■ **TASK OBJECTIVE**
Could you print the listing again exactly, omitting the pictures?

■ **SOURCE DATA**
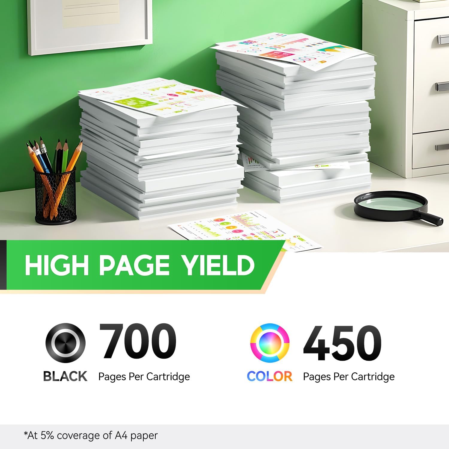 - Large Capacity: 700 pages per 67xl black ink cartridge, 450 pages per 67xl color ink cartridge at 5% coverage
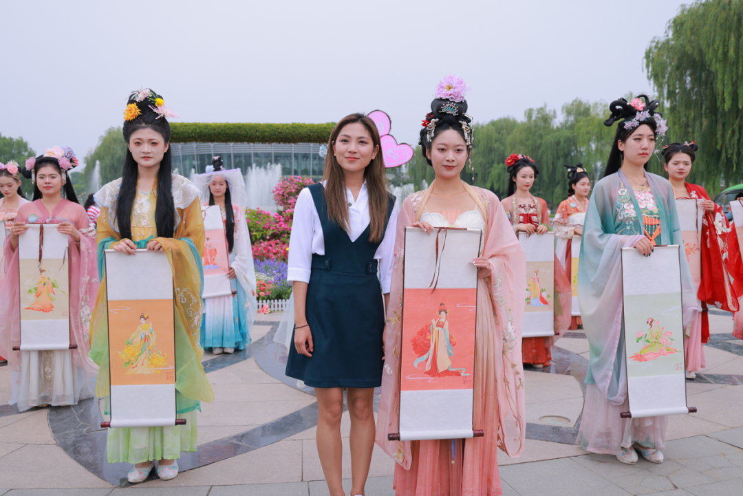 走进造型别致的活动会场入口,在花卉装点的活动广场前可以与鸽子互动,还有十二花神汉服巡游表演。演员们身着造型各异又别致精美的汉服,以中国古代传统节日“花朝节”为背景,渲染出十二个月的花神形象,展现了中国传统文化的独有审美。
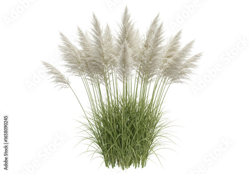 Tall green grass with feathery seed heads isolated on transparent background, showcasing natural growth and beauty
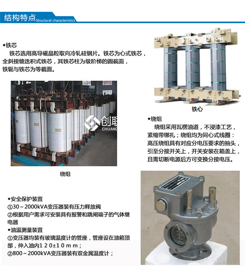 油浸式電力變壓器,采用新型絕緣結(jié)構(gòu),提高了抗短路能力,鐵芯由高質(zhì)量冷軋晶粒取向硅鋼片制成;高、低壓繞組選用優(yōu)質(zhì)無氧銅線并采用多層圓筒式工藝結(jié)構(gòu);所有緊固件均采用特殊防松處理,機(jī)械強(qiáng)度高。波紋油箱殼體以自身彈性適應(yīng)油的膨脹是永久性密封的油箱,已被廣泛地應(yīng)用在各配電設(shè)備中。

■ **REPLY TO THE EXERCISE**
 - Large Capacity: 700 pages per 67xl black ink cartridge, 450 pages per 67xl color ink cartridge at 5% coverage
 走进造型别致的活动会场入口,在花卉装点的活动广场前可以与鸽子互动,还有十二花神汉服巡游表演。演员们身着造型各异又别致精美的汉服,以中国古代传统节日“花朝节”为背景,渲染出十二个月的花神形象,展现了中国传统文化的独有审美。
 Tall green grass with feathery seed heads isolated on transparent background, showcasing natural growth and beauty
 油浸式電力變壓器,采用新型絕緣結(jié)構(gòu),提高了抗短路能力,鐵芯由高質(zhì)量冷軋晶粒取向硅鋼片制成;高、低壓繞組選用優(yōu)質(zhì)無氧銅線并采用多層圓筒式工藝結(jié)構(gòu);所有緊固件均采用特殊防松處理,機(jī)械強(qiáng)度高。波紋油箱殼體以自身彈性適應(yīng)油的膨脹是永久性密封的油箱,已被廣泛地應(yīng)用在各配電設(shè)備中。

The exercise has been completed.